Leetcode #40: Combination Sum II
In this guide, we solve Leetcode #40 Combination Sum II in Python and focus on the core idea that makes the solution efficient.
You will see the intuition, the step-by-step method, and a clean Python implementation you can use in interviews.
Problem Statement
Given a collection of candidate numbers (candidates) and a target number (target), find all unique combinations in candidates where the candidate numbers sum to target. Each number in candidates may only be used once in the combination.
Quick Facts
- Difficulty: Medium
- Premium: No
- Tags: Array, Backtracking
Intuition
We must explore combinations of choices, but many branches can be pruned early.

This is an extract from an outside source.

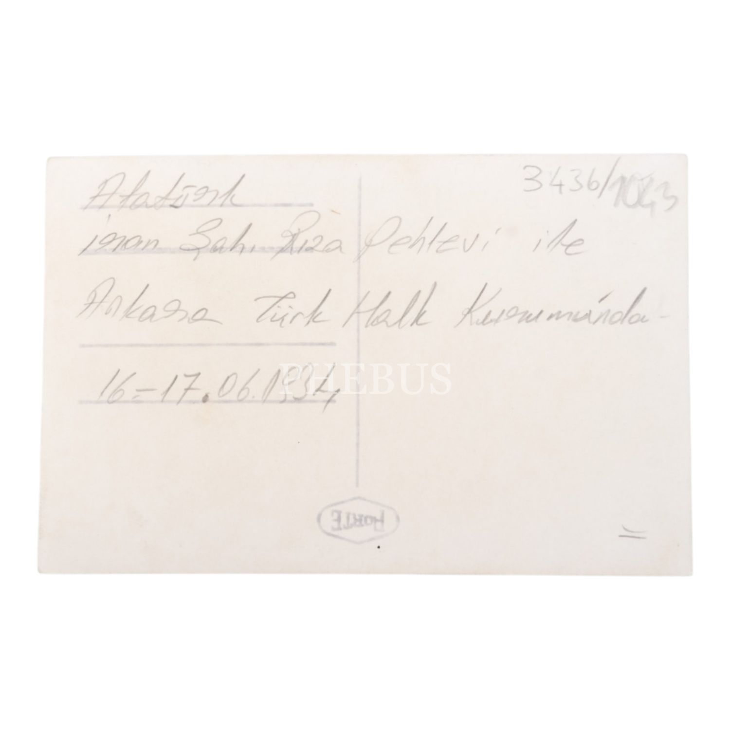 Mustafa Kemal Atatürk, Türkiye´yi ziyaret eden İran Şahı Rıza Pehlevi ile birlikte, Ankara Türk Ocağı´nda, 16-17 Haziran 1934, 9x14 cm...
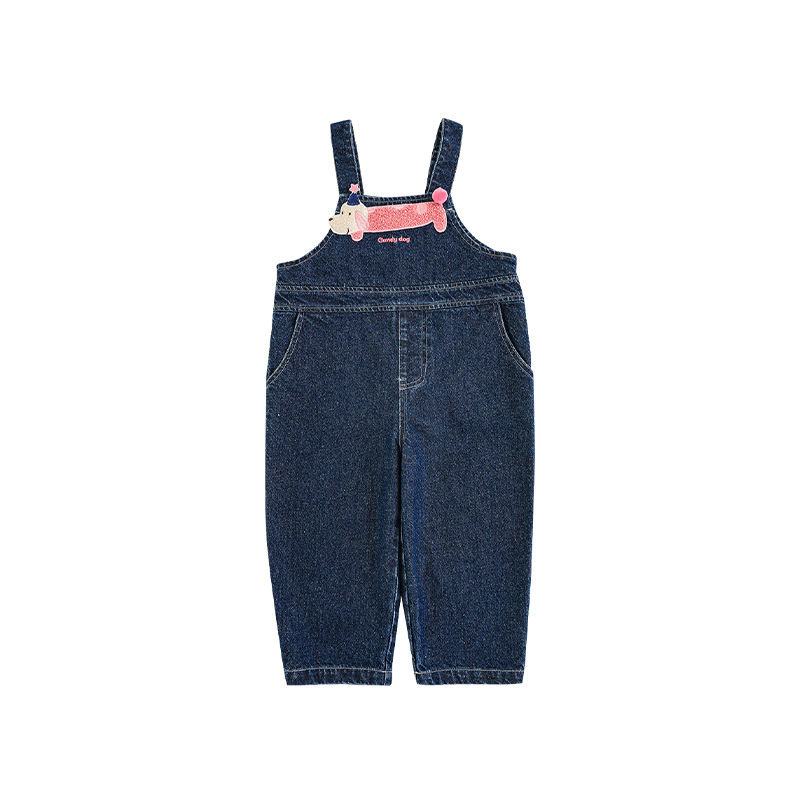Wurib Girl's 데님 Suspenders 가을 어린이 귀여운 사탕 개 수리 타월 자수 캐주얼 유행 바지

Backtracking enumerates valid candidates while keeping the search space under control.
Approach
Use DFS to build candidates step by step, and backtrack when constraints are violated.
Pruning keeps the exploration practical for typical constraints.
Steps:
- Define the decision tree.
- DFS through choices and backtrack.
- Prune invalid paths early.
Example
Input: candidates = [10,1,2,7,6,1,5], target = 8
Output:
[
[1,1,6],
[1,2,5],
[1,7],
[2,6]
]
Python Solution
class Solution:
def combinationSum2(self, candidates: List[int], target: int) -> List[List[int]]:
def dfs(i: int, s: int):
if s == 0:
ans.append(t[:])
return
if i >= len(candidates) or s < candidates[i]:
return
for j in range(i, len(candidates)):
if j > i and candidates[j] == candidates[j - 1]:
continue
t.append(candidates[j])
dfs(j + 1, s - candidates[j])
t.pop()
candidates.sort()
ans = []
t = []
dfs(0, target)
return ans
Complexity
The time complexity is , and the space complexity is . The space complexity is .
Edge Cases and Pitfalls
Watch for boundary values, empty inputs, and duplicate values where applicable. If the problem involves ordering or constraints, confirm the invariant is preserved at every step.
Summary
This Python solution focuses on the essential structure of the problem and keeps the implementation interview-friendly while meeting the constraints.